I am just about to launch my range of chilli sauces. After the time I have spent in India, I have come to realise that chilli isn’t just about blowing your socks off, there’s a lot of flavour that comes with it. With my new range of sauces, I have tried to bring in all those flavours such as Kashmiri chilli tomato sauce that just brings in that smokiness and depth of flavour from the chillies but it’s not very hot. It’s one of my favourites. Then there’s bird's eye chilli, which is a really big chilli in Australia. The range also has ghost chilli, my brother and I have worked on this together. It's a bit spicy for me but I love it. For me it’s more about the flavours I can draw from those chillies and use them in different dishes. When I was living with my son’s grandparents from Punjab, I actually went through this phase of eating the raw green chilli on the side and it was extremely hot, but I got used to it. It’s addictive and I love it.
4. Apart from Rajasthani and Goan, what other Indian cuisines would you like to showcase?

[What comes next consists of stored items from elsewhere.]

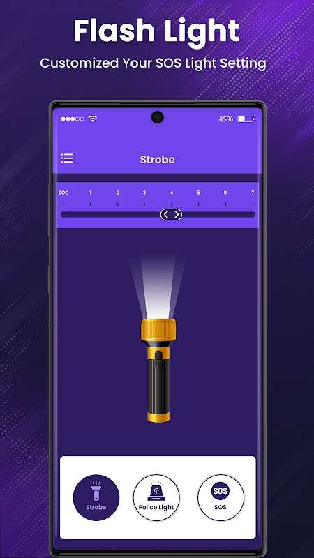 স্ট্রোবলাইট: ইউভি ফ্ল্যাশলাইট অ্যাপের ফ্রিকোয়েন্সি পরিবর্তন করা যেতে পারে, যা সত্যিই দ্রুত মিটমিট করা থেকে মাঝে মাঝে। এই টর্চলাইট টর্চ ব্যাটারি: এলইডি টর্চলাইট অ্যাপ আপনার প্রয়োজন অনুযায়ী কাস্টমাইজ করা যেতে পারে। আপনি কোন সমস্যা ছাড়াই আপনার প্রয়োজন অনুযায়ী এই অ্যাপের সমস্ত বৈশিষ্ট্য পরিবর্তন করতে পারেন।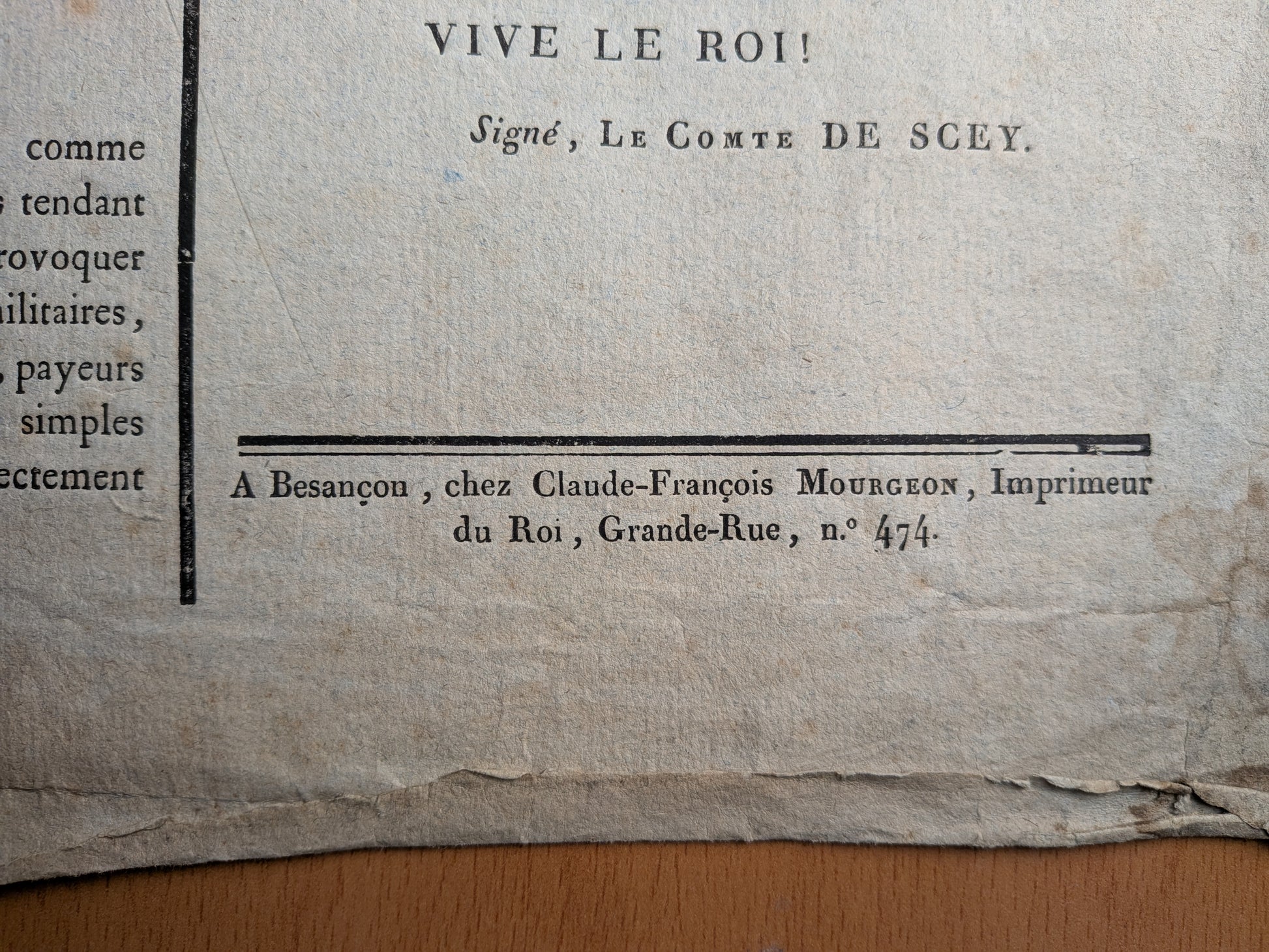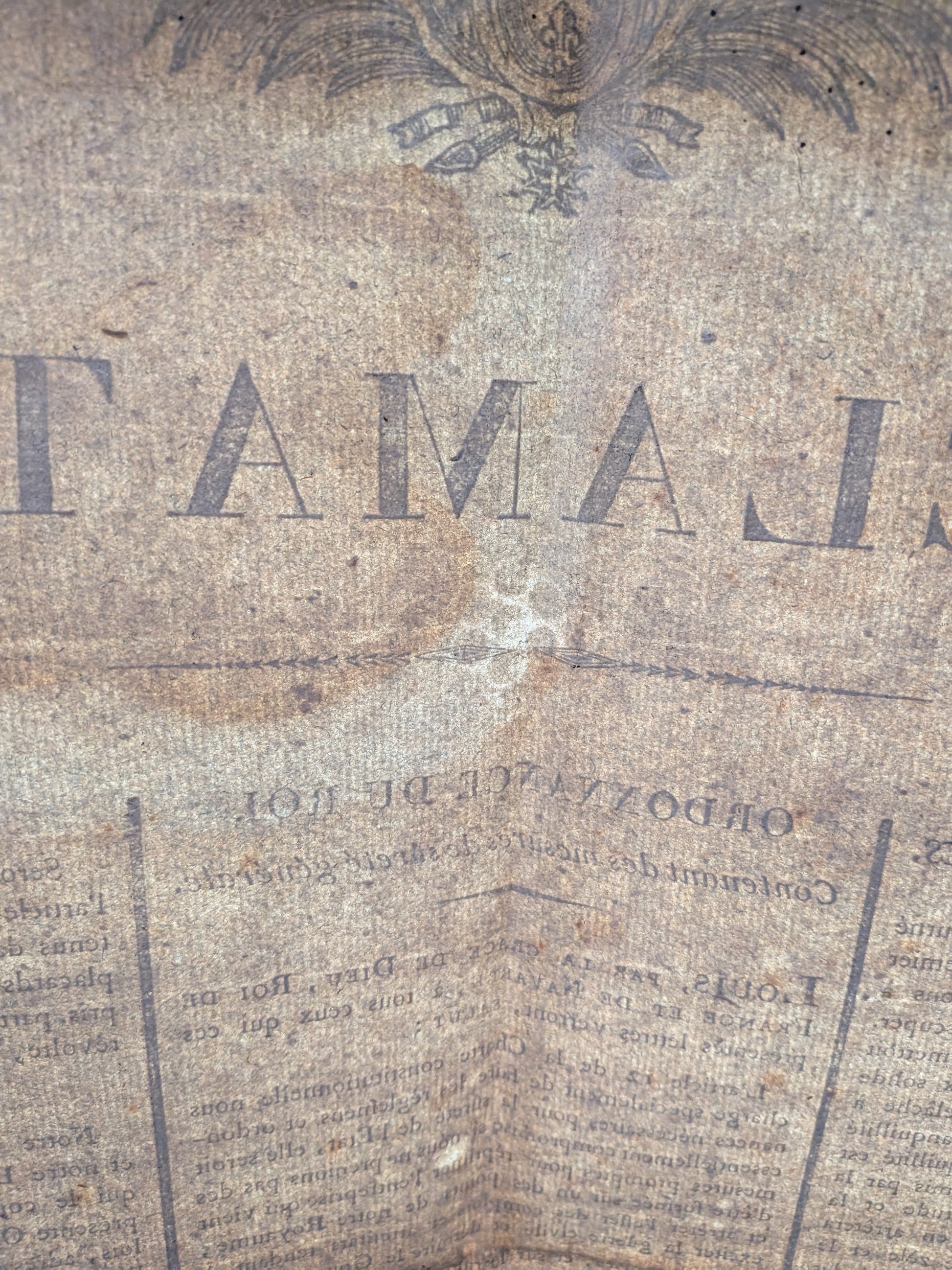 Placard/Affiche sur papier vergé filigrané aux armes de Louis XVIII en-tête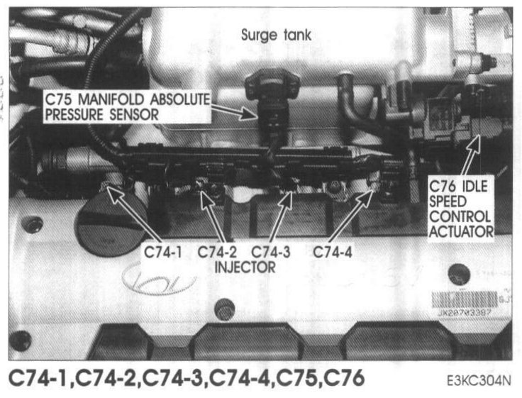 C74-1(#1), 2(#2), 3(#3), 4(#4) Injector, C75 Manifold Absolute Pressure Sensor, C76 Idle Speed Control Actuator: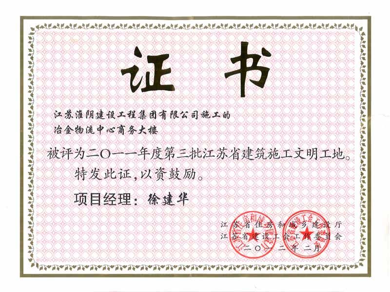 2012年省建筑文明工地张家港冶金物流中心商务大楼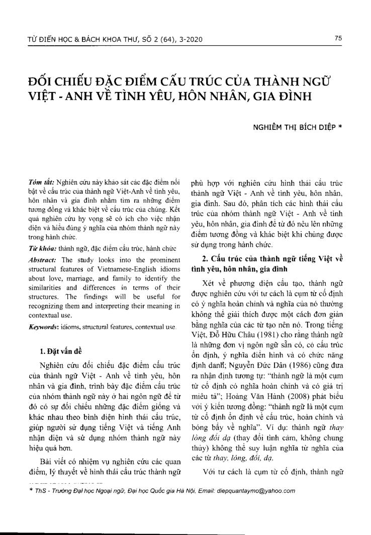 Đối chiếu đặc điểm cấu trúc của thành ngữ Việt - Anh về tình yêu, hôn nhân, gia đình = A contrastive analysis on the structural features of Vietnamese-English idioms about love, marriage and family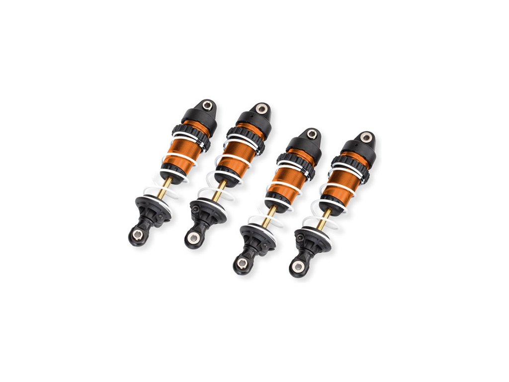 Vysoce kvalitní hliníkové tlumiče GTR Long (dlouhý) - sada 4ks. Sestavené s pružinami. Oranžově eloxované, potažené PTFE pro extra hladký chod a pístnice s TiN - nitridem titanu pro vysokou odolnost a tvrdost povrchu.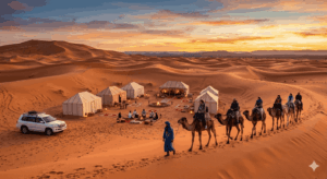 Finally, the 2026 tourism market has seen a “fragmentation” of price points. A basic three-day désert marrakech tour may cost between 150 and 200 USD, while a private, luxury glamping experience can exceed 600 USD per person. Analytically, the difference in cost often reflects the quality of the vehicle, the expertise of the guide, and the privacy of the camp. For those seeking the “best of both worlds,” a one-way desert trip that starts in Marrakech and ends in Fes is an efficient way to save time and see the Middle Atlas cedar forests. This “open-jaw” itinerary is increasingly popular for those wanting to see as much of the Kingdom’s diverse topography as possible in a single trip.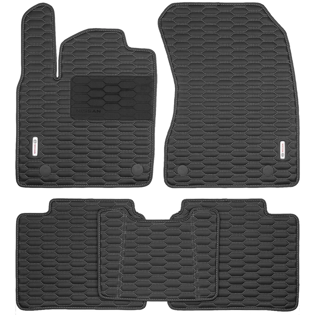 Килимки в салон Inliner для Nissan X-Trail e-Power T33 '23-гібрид з екошкіри SOTA Design чорні з сірим рядком (комплект)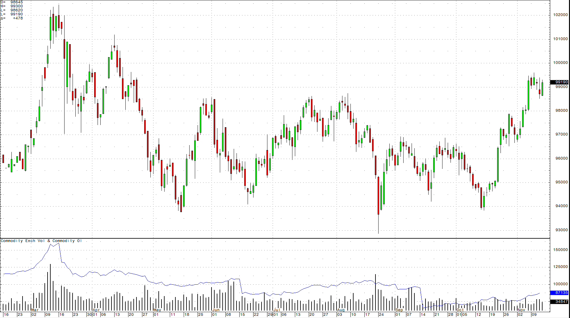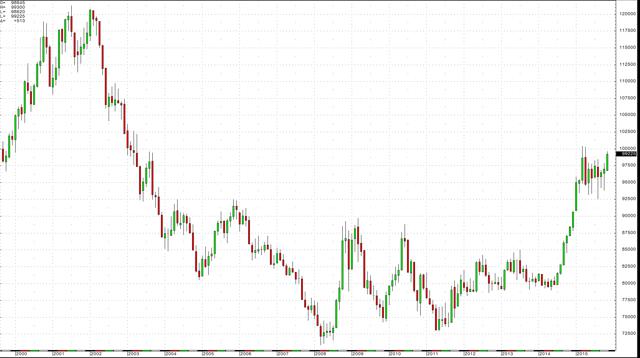 Last week, the dollar index made a higher short-term high on Tuesday when it traded up to 99.60 on the active month December futures contract. On Wednesday and Thursday, it corrected a bit. During the period of the correction, statements from the ECB President Mario Draghi indicated that the dove on interest rates is becoming even more dovish. In what was likely a delayed move, the dollar index rebounded on Friday, November 13 to close the week at over 99 once again.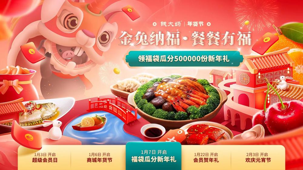 寻年味办年货,享地道年夜饭。钱大妈从产品促销堆头的陈列、商品价格的标签,到“年味儿”系列的主题视觉、年味儿时令美食,围绕家庭团聚场景,打造了立体消费新体验,给每个家庭带来温暖、丰富、多元化的年夜饭选择。

I am filming a television show in Assam where I am getting to explore their cuisine closely. I have also spent a lot of time in Brahmaputra, and I love the food there. I am going into each and every specific northeastern region of India and delving into the food there.
5. Your favourite go-to Indian snack and meal?
My favourite go-to Indian snack is papdi chaat, bhelpuri, Mumbai sandwich from a stall near St Xavier's College, and all types of street food. I love rajma chawal, and the one dish I always go back to is the first dish I ever tried, which is keema. Add to that all the north Indian flavours that are my absolute favourite.
6. How popular Indian food is in Australia?
It is definitely popular and enjoying a big boom in Australia right now. Indian cuisine is in fact becoming one of the most popular ones there.. A lot of southeast Asian flavours were really big in Australia but now the Indian side of the region is coming out and through MasterChef and obviously the huge population of Indians who have moved to Australia play a huge part. A lot of Australians are now exposed to Indian flavours other than just butter chicken, and everyone just loves it. They are really starting to understand that there’s so much more to Indian food.
7. What was your inspiration behind putting Indian cuisine on the world map?
I love Indian flavours. Initially it was all for my son, and I really wanted to make sure that in Australia he’s taking a paratha to school in his lunch box for him to feel comfortable in doing that. I wanted people to understand that he should feel proud of his Indian heritage, and I made sure he’s comfortable eating all this in a different country and not feeling like an outcast. That’s how it started and in turn I just really fell in love with the cuisine.
8. What's common between Australia and India when it comes to food?
Definitely charcoal, because cooking in a tandoor and charcoal barbeque is really big in Australia. Now people in Australia are adopting those beautiful marinades and amping up their grills. Regular Australian food has evolved so much and is taking on a lot more flavour.
9. Your favourite Indian restaurants that one should visit in Australia.
In India, I love Maharaja Bhog and Mahesh Lunch Home in Juhu. In Australia, the Indian restaurants I usually go to and would recommend are Babu Ji, Daughter-in-law and Roti Boti.
10. One Indian ingredient that you use in multiple ways and how?
It has to be chilli. I like it in the way that it can add depth to a dish and not just heat so for me it’s about playing around with the different kinds of chilli is what I like to do. It’s more about the flavour and depth of chillies, such as Kashmiri chilli which is mild and adds that smokiness and depth to the dish. I like to use lots of ghee and butter also. People think it’s unhealthy but if you use high quality ingredients, it's important for us to add these to our diet.